Atlanta Journal-Constitution
Sunday, July 13, 2003


Jean Shifrin / AJC
The Etowah River in North Georgia remains one of Georgia's cleanest, but development and an influx of people threaten to foul its waters.

Endangered Etowah: Growth troubles it waters
Development, tourism could imperil North Georgia river
Christopher Quinn - Staff

Dana LaChance noticed a new cabin going up in 1987 along a stretch of the upper Etowah River she likes to canoe.

It was the first building to split the unbroken wall of hemlock and mountain laurel shading that part of the narrow, cool river near Dahlonega.

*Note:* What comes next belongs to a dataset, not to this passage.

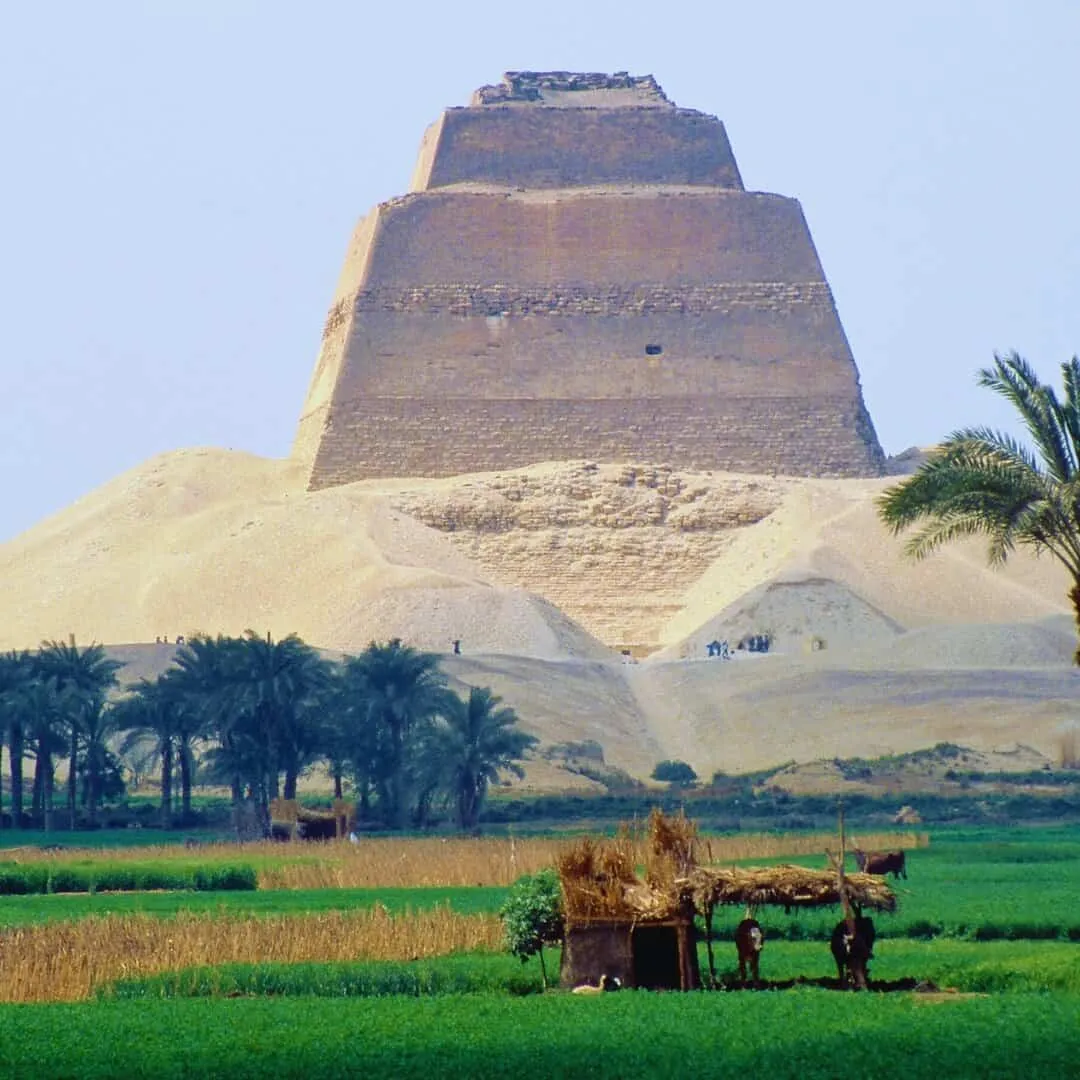 Desert Cruise Travel representative will pick you up from your hotel in Cairo to visit the famous pyramids in El Fayoum. We’ll begin with the Hawara Pyramid, located about 145 km from Cairo. The Hawara Pyramid was built by King Amenemhat III during the 12th Dynasty. Next, we will drive to the El Lahun Pyramid, which is around 7 km from the Hawara Pyramid. This pyramid was built by King Senusert II, also from the 12th Dynasty. After that, we’ll visit the Maydoum Pyramid, located about 40 km from the El Lahun Pyramid. Once we’ve finished exploring, we’ll enjoy a late lunch before heading back to your hotel in Cairo.

"I remember that's the year after my son was born," she said. "And I said, 'He's never going to see this the way I saw it.' "

Since then, LaChance has watched the natural riverside get whittled away. Threats to the river from tourism and development are growing so rapidly that scientists, residents and government officials are trying to chart a new course to protect it.

Atlantans who once drifted down the increasingly polluted Chattahoochee River now escape to the Etowah for weekends. About 2,000 a year rent canoes or kayaks from Appalachian Outfitters in Dahlonega, run by LaChance's husband, Ben. Thousands more bring their own boats or inner tubes, pumping up the tourist trade, which generates more than $75 million annually for the area.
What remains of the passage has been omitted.